Once we split the dataset, we can see how many sentences are there in the training and test set. We can also see, how many words are there in each of them

In [4]:
#random.seed(0)
train_set,test_set=train_test_split(wsj,test_size=0.05,random_state=10)

print('length of train set {}'.format(len(train_set)))
print('length of test set {}'.format(len(test_set)))

train_tagged_words=[tup for sent in train_set for tup in sent]
test_tagged_words=[tup for sent in test_set for tup in sent]

print('Number of tagged train words {}'.format(len(train_tagged_words)))
print('Number of tagged test words {}'.format(len(test_tagged_words)))

length of train set 3718
length of test set 196
Number of tagged train words 95440
Number of tagged test words 5236


## 2.Emission and Transition Probabilities

In order to build the Viterbi decoder , we have to calculate the:

- Transition Probability for each tag combination. This is the matrix __trans__.
- In theory , we could make a matrix for Emission Probability as well, for each tag-word combination.However, there's a reason we won't.




In [5]:
# Building the vocabulary and list of tags
vocab=list(set([word.lower() for word,pos in train_tagged_words]))
tags=list(set([pos for word,pos in train_tagged_words]))

# Count of unique words and tags
all_words=len(vocab)
all_tags=len(tags)

print('Number of words in Vocabulary {}'.format(all_words))
print('Number of tags {}'.format(all_tags))

"""
trans is a matrix all tags vs all tags. An element in this matrix gives
the probability of a tag (row), given a previous tag ( column ). We set initialize this matrix to 0's
"""

trans=np.zeros((all_tags,all_tags))

Number of words in Vocabulary 11017
Number of tags 12


To build a matrix of emission probability , we need two nested loops to reach all the words in the vocab and all the tags. With our vocabulary size of 11017 and 12 tags, this would mean more than 100K iterations.

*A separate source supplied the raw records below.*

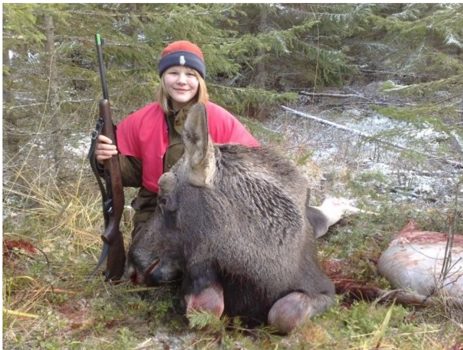
Kuva 8. Joskus pelkkä saaliskuva on metsästäjälle se kaikista arvokkain trofee, jonka muisto säilyy vuosienkin päähän.

Myös pienpetojen pyynti luetaan riistanhoitotyöksi, mutta en laske sitä tähän mukaan, koska jos metsästys loppuisi, niin automaattisesti pienpetojen ja myös vieraslajien kurissa pitäminen loppuisi. Jos metsästäjä näkee vaivan ja käyttää omaa vapaa-aikaansa siihen, että eläinlajit voivat hyvin, on vain oikeutettua, että hän saa jotain hyvää itselleen. Muunkin mielihyvän kuin sen, että riista voi paremmin ja elää onnellisemmin. Vertailu kohteena voidaan ottaa esille se, että ei siivoojakaan siivoa toisten ihmisten käyttämiä tiloja vain antaakseen toisille hyvää mieltä. Hän saa siitä itselleen hyvää rahan muodossa, joka taas metsästäjälle on joko liha tai trofee (Kuva 8).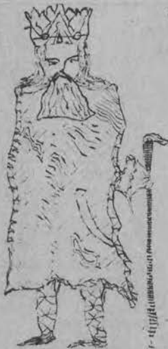
„Król czołdacy“ rys. „P. J.“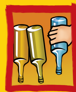
Guarde garrafas sempre de cabeça para baixo.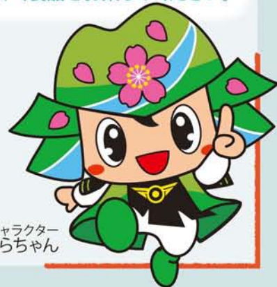
甘楽町キャラクター かんらちゃん

北区と甘楽町との友好の歴史と絆を ふりかえり、北区の自然休暇村「甘楽 ふるさと館」の魅力などを紹介します。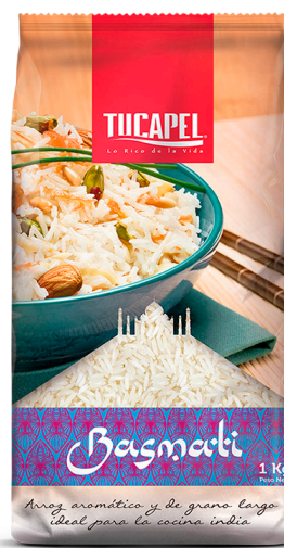
Arroz Basmati G1 Formato: 400 g y 1 kg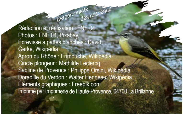
Bergeronnette des ruisseaux

Rédaction et réalisation : FNE 04 Photos : FNE 04, Pixabay, Écrevisse à pattes blanches : David Gerke, Wikipédia Apron du Rhône : Erimouche, Wikipédia Cincle plongeur : Mathilde Leclercq Sabline de Provence : Philippe Orsini, Wikipédia Doradille du Verdon : Walter Henneau, Wikipédia Éléments graphiques : Freepik.com Imprimé par Imprimerie de Haute-Provence, 04700 La Brillanne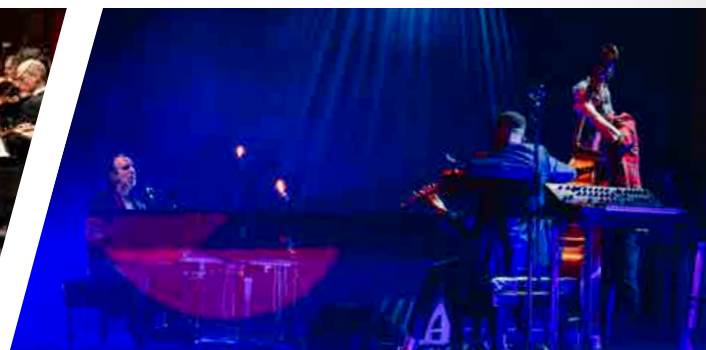
Chilly Gonzales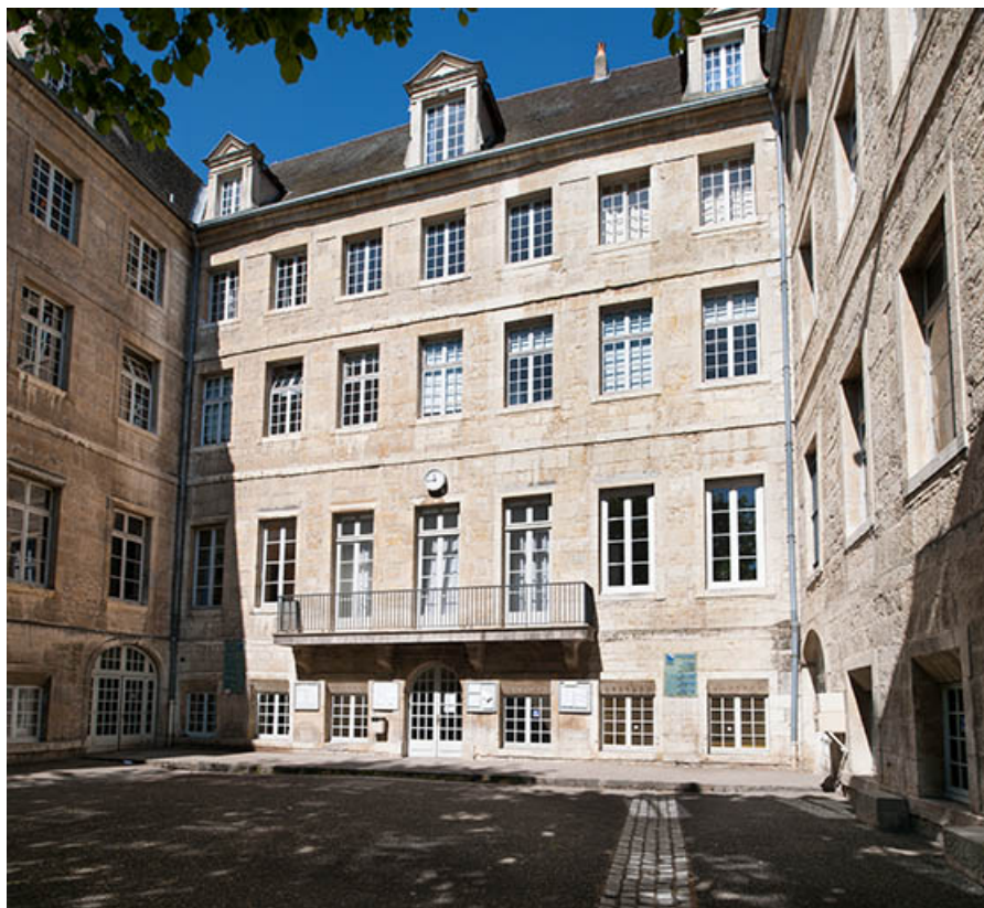
Façades de l'externat sur la cour intérieure.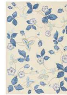
Wild Strawberry cream 38108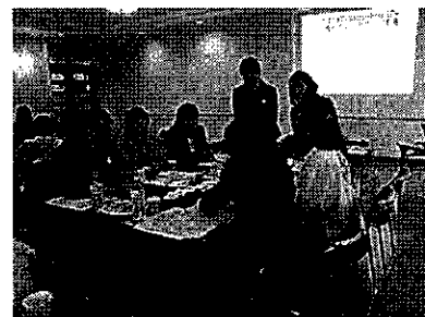
平成 30 年度開催「いきいき キャリアアップ研修 in 塩竈」 グループトークの様子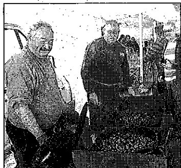
La cuisson des châts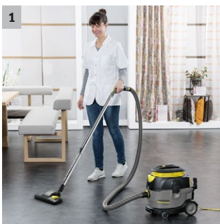
1 Astfel este plăcut să economisești energie!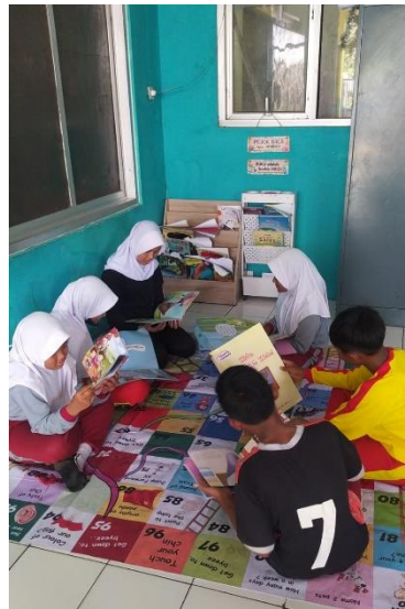
Gambar 6. Kebermanfaatan pojok baca

disediakan di kelasnya. Peserta didik umumnya menggunakan pojok baca ketika jam istirahat seperti yang ditampilkan pada Gambar 6.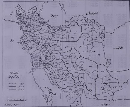
تقسیمات گزینش در استان البرز، سال ۱۳۴۵ شمسی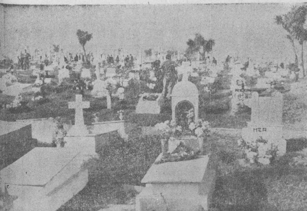
Culminaron ayer las jornadas de la visita a nuestros difuntos. Desde por la mañana, a primera hora, numerosas personas se trasladaron al cementerio de Ciriza para orar por nuestros muertos como han sepultado sus restos donde reposan y que estos días habían sido cubiertos de flores, como placido se recuerda.

There's a better way to handle that.<br> Note that, we need to calculate the $P(w|t)$ of only those words that we'll encounter in the test set. So, when we traverse the words in the test set, we can calculate the $P(w|t)$ on the fly.<br>

We define two functions that will help populate the two matrices we defined above
- __word_tag__ generates the count of a word associated with a tag and how many times that tag occured.
- __t2_given_t1__ genrates the count of a certain tag t2 occurred after a tag t1.

In [6]:
def word_tag(this_word,this_tag,tagged_words=train_tagged_words):

  #List of tuples where tag matches this_tag
  this_word=this_word.lower()
  tuples_this_tag=[(word,tag) for word,tag in tagged_words if tag==this_tag]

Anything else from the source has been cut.